A significant aspect that needs to be addressed and represents a potential concern of treating oncologists, is the risk of implantation of malignant cells in the urinary bladder mucosa with development of metastatic lesions or even secondary cancers and the risk of recurrent urinary tract infections (UTI) and stone formation/encrustation. With an average patient survival of only 3.5 months, and in view of the anyway diffusely disseminated disease, longer term events like a stone formation or bladder cancerous lesions are rather clinically non-relevant, even though that is at the present moment a theoretical assumption. In the ovarian cancer cohort, the majority of the patients underwent a diagnostic cystoscopy in the first 4–6 weeks post AP- implantation and none of the patients showed bladder mucosal abnormalities. No bladder biopsy was performed if the mucosa was macroscopically normal, since any microscopic mucosal infiltration was without clinical significance or consequences. In the designing of a future prospective study, routine cystoscopies should be considered to establish and confirm these initial observations. Nevertheless, in this highly palliative setting with limited patient survival, secondary microscopic bladder wall seeding is relative and has to be put in context with the overall clinical picture of a diffuse peritoneal dissemination.

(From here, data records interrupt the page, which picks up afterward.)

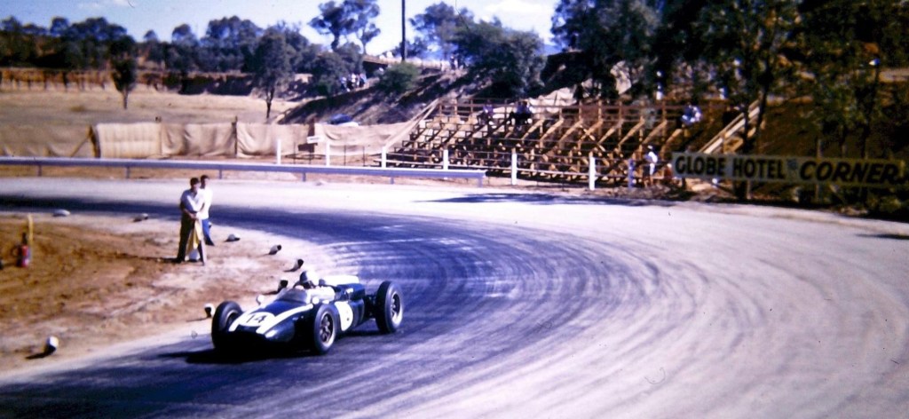 The photograph above is Paul England’s Ausca Holden-Repco which contested the 25 November, 34 lap, 100 mile Australian Tourist Trophy. He was 12th outright and second in class, in the car he and Bill Hickey built after hours at Repco Research’ Sydney Road, Brunswick premises on the other side of town. The flash of blue to the right is the Norman Hamilton owned Porsche 550 Spyder driven that weekend by Otto Stone, lasting only one lap. Otto would have been a busy boy that fortnight, looking after Stan Jones’ 250F, or was he preparing it at that early stage?
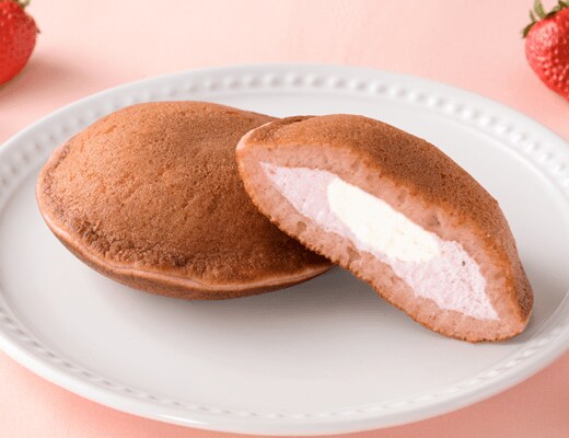 「ICHIBIKOコラボ商品。苺クリームとホワイトチョコクリームを組み合わせたどらもっち。」
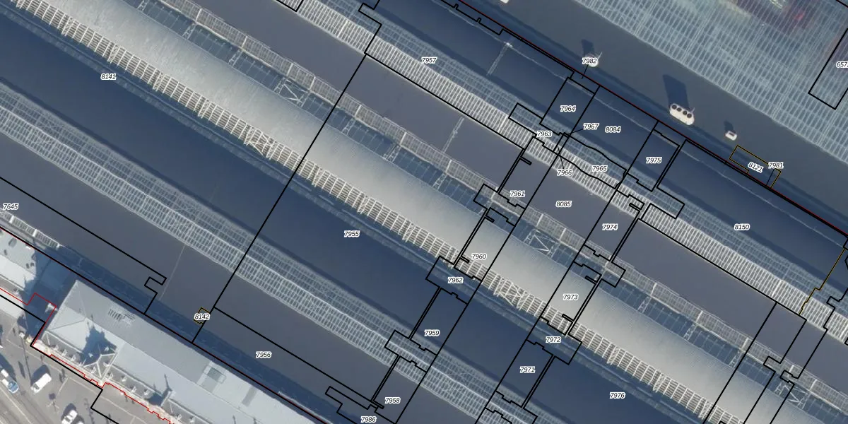 Het perceel waarop Stationsplein 39-G staat heeft een oppervlakte van 2955 m². Dit is een zeer groot perceel. De perceeloppervlakte wordt geregistreerd door het Kadaster. Gedetailleerde informatie over de maten van dit perceel kunt u vinden in het rapport Kadastrale kaart met maatvoering van Stationsplein 39-G.
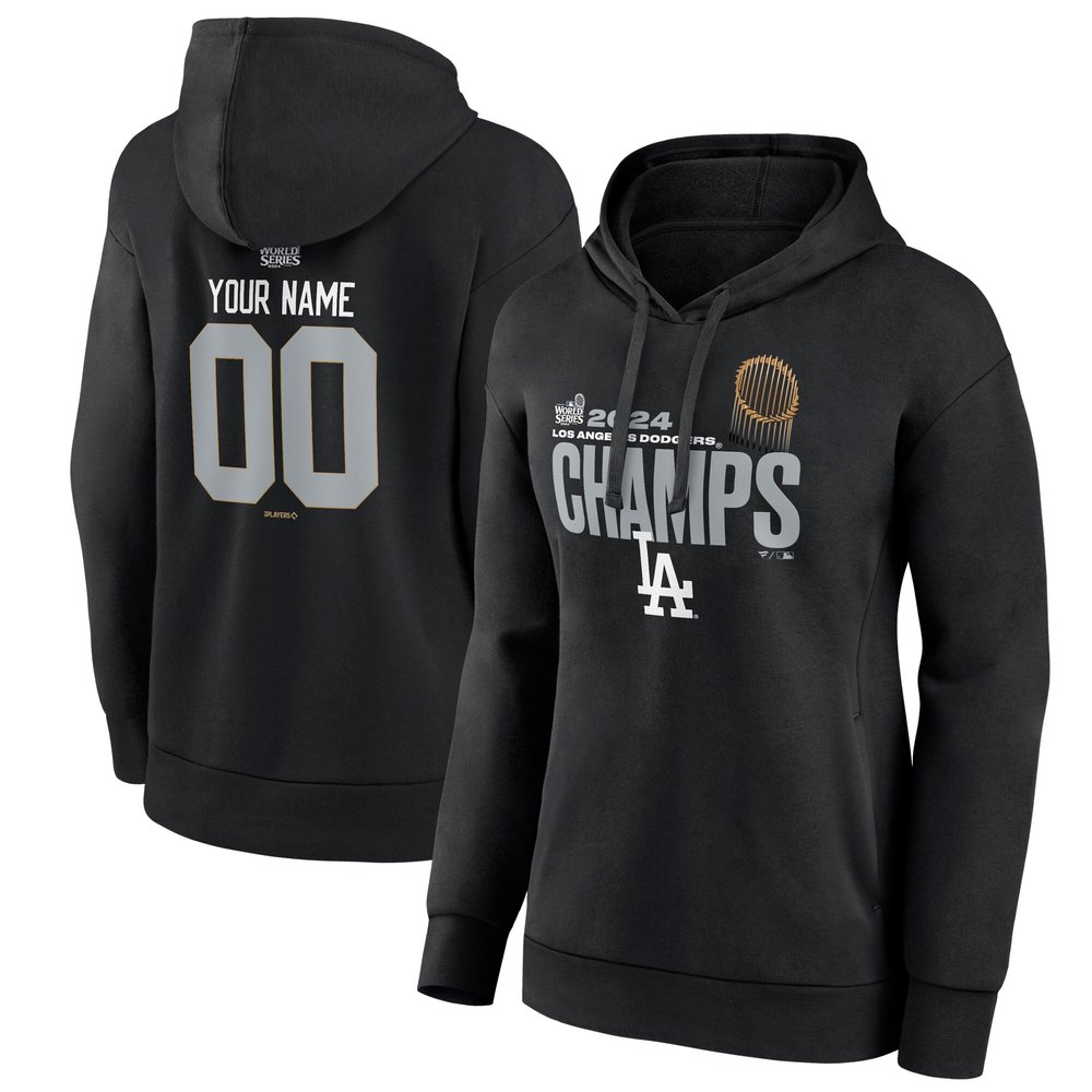 Women's Los Angeles Dodgers Black 2024 World Series Champions Custom Name & Number Pullover Hoodie

A further and potentially promising aspect of the AP technology is the prospective of forming the basis of a translational platform with a non-invasive, continuous and biomolecular profiling in epithelial cancers during antineoplastic treatment. Through the tumour cell harvest from the urine we could theoretically have a continuous, non-invasive, access to a liquid biopsy of the patients that could be used for drug resistance testing and mutational profile analysis [13]. How realistic and feasible such an approach would be, needs to be addressed in future studies.

Conclusion

We could demonstrate in this retrospective analysis, that AP appears to be relatively effective and safe in palliating patients with MA, while seemingly improving their QoL. Its implantation is rather straightforward and minimally invasive, resulting in reduced necessity of repetitive ascitic drainages, so that its broader implementation in oncology services should be further explored in prospective and comparative clinical trials to establish its value. A prospective trial is currently in planning to compare standard practice techniques with the AP including comparative analysis of cost effectiveness, prospective evaluation of QoL, impact on patients nutritional and metabolic status and overall wellbeing.